Astride his narrow hips, she rocked leisurely, unhurried, watching the constellation of expressions that graced Han's face. They had left the lights on—my eyes work fine now and I wanna see, he had said, brokering no argument from her—and the sinful grin plastered all over his mouth was indicative of his playful mood.
Is it that you like me losing? she had wondered out loud ten minutes ago.
And he, crooked grin swollen from the repeated attacks of her lips, had flashed bright white teeth. Think it's the power, he had answered. Nothing better than a woman who can kill you on the spot.
She didn't doubt it—she supposed it wasn't that far from how her body responded when he drew his blaster so fast that it was an actual blur—but the praise ignited a nice, slow burn that traveled from the place they were joined up to the part of her chest that thumped.
He groaned, and she shifted to look at him again. "Okay?"
"Slow," he bit out, and he raised his chin to the ceiling. "Having trouble going slow."
Leia caught on to his meaning. "So it would be tough for you if I just … kept going … at this pace?"
Her hips undulated against his at a miraculously slow tempo, and she made it worse for him by bringing her hands up her torso to her breasts without stopping her easy thrusts. The visual seemed to take minutes off his stamina, and she laughed quietly at his faux-pained expression.
"Fuck," he swore, and then grabbed her hips tight.
Her smile softened, keenly aware of his habits, and she dropped her hands to slide up his chest and draping over him like the sheet thrown somewhere to the side in their haste.

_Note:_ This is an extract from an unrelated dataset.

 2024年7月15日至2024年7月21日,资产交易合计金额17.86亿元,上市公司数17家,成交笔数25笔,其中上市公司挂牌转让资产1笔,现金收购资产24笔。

Her hips maintained said slow pace, but the power dynamic shifted as she leaned forward to kiss him lightly.
"Not everything has to be the end of the world," she whispered against his lips.
He opened his eyes, ran strained, unkept promises over her face, and nodded. "Things are okay."

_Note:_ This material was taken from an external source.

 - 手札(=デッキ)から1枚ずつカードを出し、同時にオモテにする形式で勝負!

Pushing on her right hip, he urged her to change positions, and she obediently fell onto her left side for him. He rearranged their legs for more comfort, and she could really see him now, as he enfolded her torso with his arms and pressed small kisses around her hairline.

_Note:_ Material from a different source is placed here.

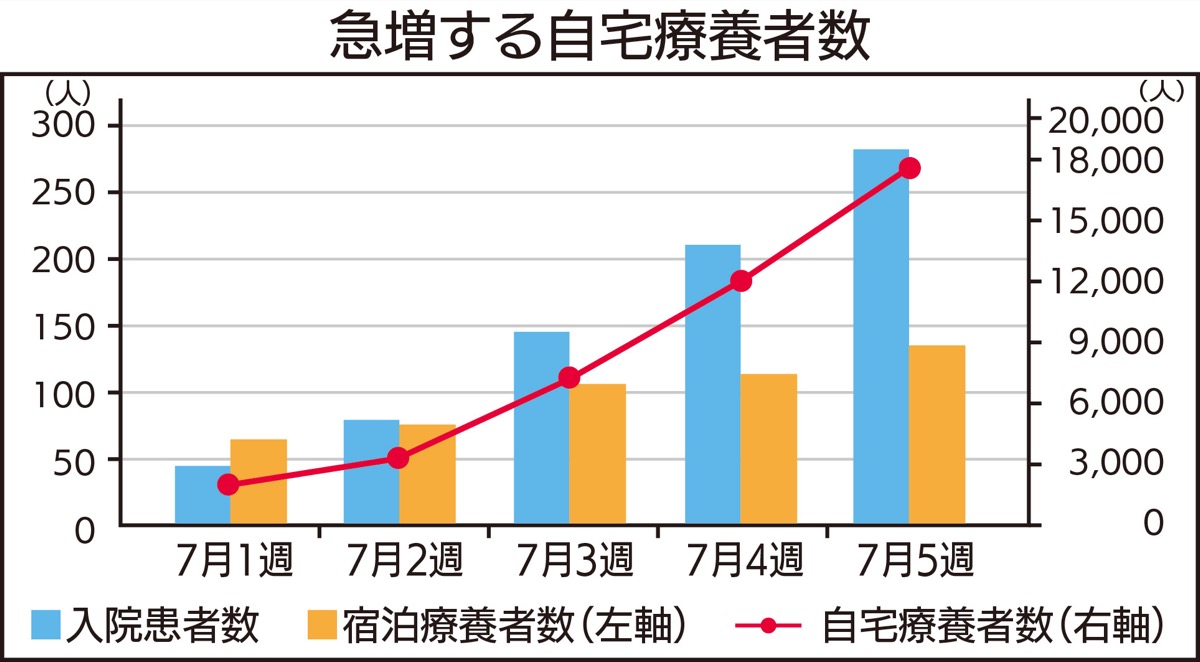 下記のグラフは、川崎市における自宅療養者数の推移を見たものです。7月に入ってから急増し、月末には1万8千人を超えています。注意すべきなのが、この人数は医療機関で診断を受けた方だけの数であり、神奈川県が対応している約1万人の「自主療養届出者」数は含まれていないことです。自主療養届出者の多くは、発熱外来にアクセスすることができず、自身で感染確認をした方々です。すでに発熱外来はひっ迫状況にあると言わざるをえません。

"Better," he whispered into her hair, and she was so far from her heartbroken tears now that it felt like a different lifetime. A different woman entirely.
An eternity later, she fell asleep, and Han realized that even orgasm was not enough of a lull for him to join her this time. Perhaps the hours of sleep since his rescue had finally caught up to him. Perhaps his body was starting to reject the instant call of sleep when he had something on his mind.
Whatever the case, he didn't have to go far to find his prey, sitting in the cockpit with a mug of caf and a bright smile on his face when Han found him.
Dropping into the pilot's seat, he eyed the young Jedi, thinking of shields, and not the kind that deflected laser cannon bolts.
"Are you going to make this weird?" he asked: a legitimate question in this new galaxy of mind-reading twin Jedi.
"Make what weird?"
Han narrowed his eyes, trying to determine if Luke was playing him, and decided the kid was being honest. "Never mind. What're you doing up here?"
"Thinking about Bail Organa."
Sitting back, Han ran his tongue over his teeth and stared uncertainly at Luke. "What about him?"
"Has Leia told you about our mother?"
Han nodded, remembering the pertinent facts. "A queen of Naboo," he dutifully answered. "Explains how Leia wound up where she wound up."
Luke took that in quietly, then shifted his gaze away from the stars and to Han. "Why didn't he take both of us?"
That was a really good question, Han had to admit. He had always assumed that Bail had had a good reason for splitting up the twins, something to do with protecting them from Vader. But Luke shared his father's last name. Was Skywalker a common name on Tatooine? Han had never met anyone else by that surname, but that didn't always mean something important.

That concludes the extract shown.